Apr 5, 2015

The Cinema Is Dead, Long Live the Movie

It's funny how, ten years on, Jonathan Rosenbaum's "Goodbye Cinema, Hello Cinephilia" can feel paradoxically quite so quaint and so relevant. On the one hand, Rosenbaum's allowance that "cinema" might not necessitate a theatrical setting now seems, with the benefit of hindsight, faintly dithering; on the other hand, his "daring" suggestion that "cinema is that indeterminate space and activity where we find our cinephilia stimulated, gratified, and even expanded" is as solid and all-encompassing a definition for the current, varied state of cinematic experience as any.

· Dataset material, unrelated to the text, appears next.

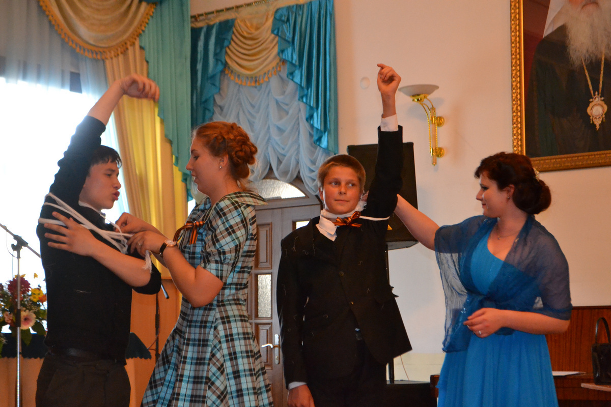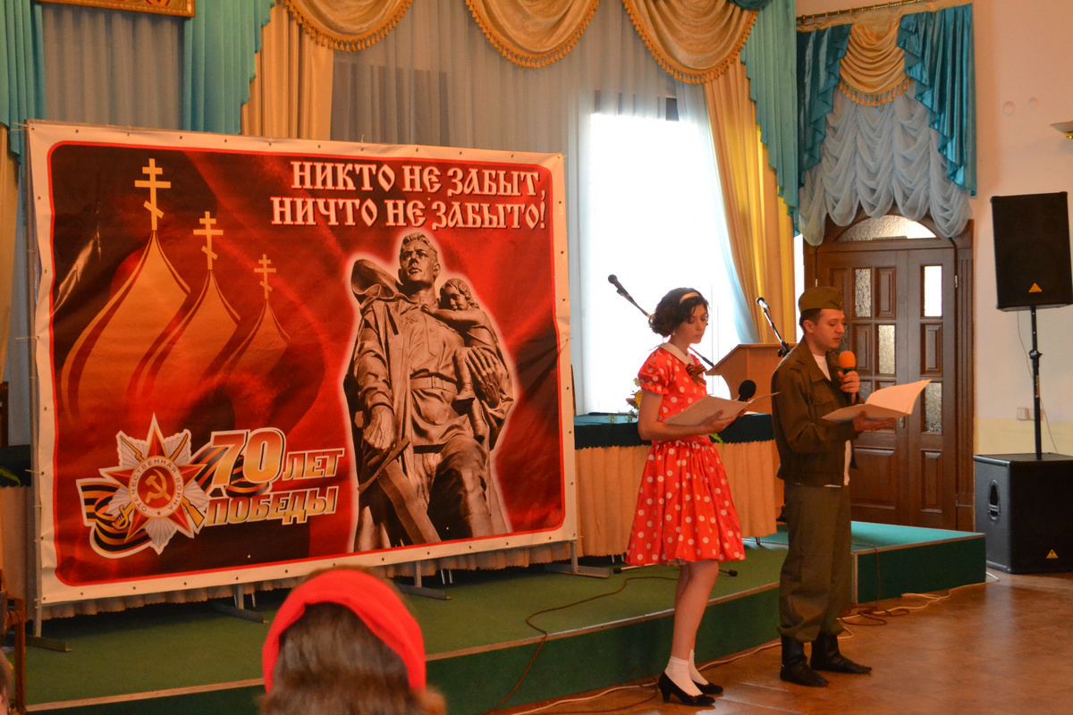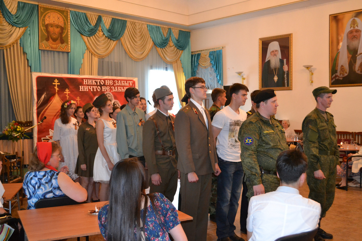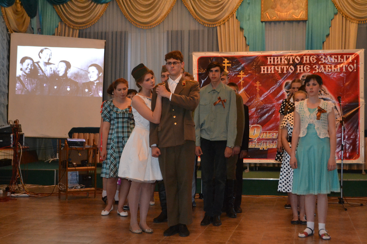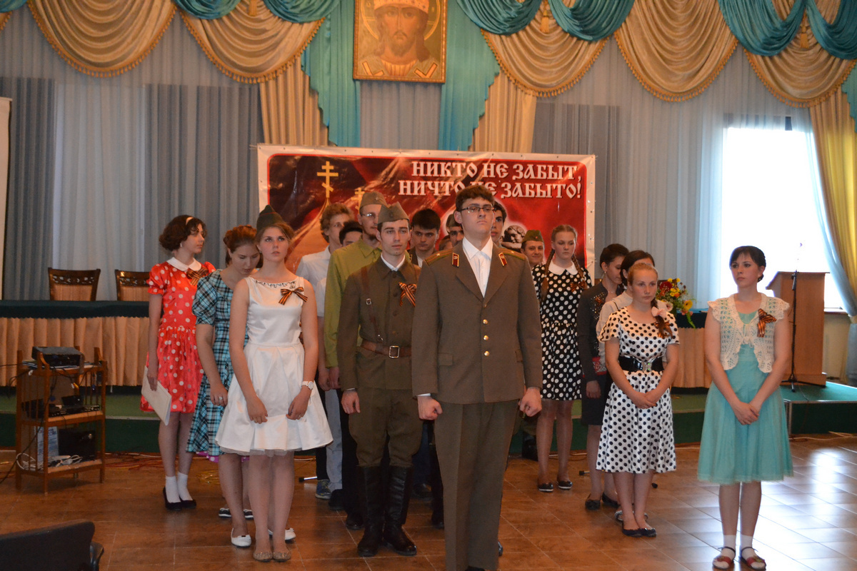 Участники православно-молодёжного клуба «Грани» под руководством Татьяны Мухиной подготовили сценарий литературно-поэтического, музыкально-театрализованного вечера, посвящённого 70-летию Победы в Великой Отечественной Войне и роли Русской Православной Церкви в период Великой Отечественной Войны.

Reading Rosenbaum engage with these semantics, it made me think of another word that has a similar sort of awkward timelessness to it: "movie." The word conjures up an outdated vocabulary ("talkie," "motion picture," etc.) but what it really means - moving images - is a suitably broad way to quickly refer to the broad range of film, video, and digital content we are now able to consume. There's a reason the program many of us belong to is called Moving Image Archiving and Preservation. So why don't we call it Movie Archiving and Preservation? Does "movie" have too strong connotations for low art and popular consumption?

Personally I think the word provides a solution for Rosenbaum's question of "what is cinema?" It's movies. Eliminate the questions of "cinema" as art or not ("French" or not), as theatrical experience or not, as agent of Stalinist total culture or not (really, don't get me started on that comparison). Cinema may be an indeterminate space, but movies are the thing I can point to that stimulate, gratify, and even expand my cinephilia.